Problem 2: Prove that tan^-1(1) + tan^-1(2) + tan^-1(3) = π

Problem 3: Evaluate cos⁡(sin^-1(0.5))

Problem 4: If tan^-1(x) + tan^-1(2x) = π/4, then find x

What are inverse trigonometric functions?

Inverse trigonometric functions are the inverse functions of the basic trigonometric functions (sine, cosine, tangent, cosecant, secant, and cotangent).
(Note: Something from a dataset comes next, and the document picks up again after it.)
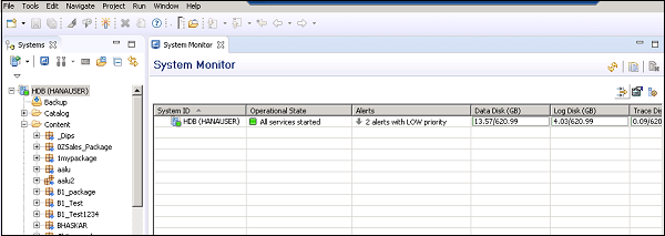 Information available under System Monitor in SAP HANA

They are used to find the angles corresponding to given trigonometric ratios.

Why are inverse trigonometric functions important?

Inverse trigonometric functions are essential in various fields like geometry, engineering, and physics because they help determine angles from trigonometric ratios, which is crucial for solving many practical problems.

What are the domains and ranges of inverse trigonometric functions?

Each inverse trigonometric function has specific domains and ranges:

sin^-1(x) : Domain [-1, 1] and Range [- π/2, π/2]

cos^-1(x) : Domain [-1, 1] and Range [ 0, π]

tan⁡^-1(x) : Domain R and Range (- π/2, π/2)

Can inverse trigonometric functions be used in calculus?

Yes, inverse trigonometric functions are frequently used in calculus for integration and differentiation. They are particularly useful for integrating functions that involve trigonometric expressions.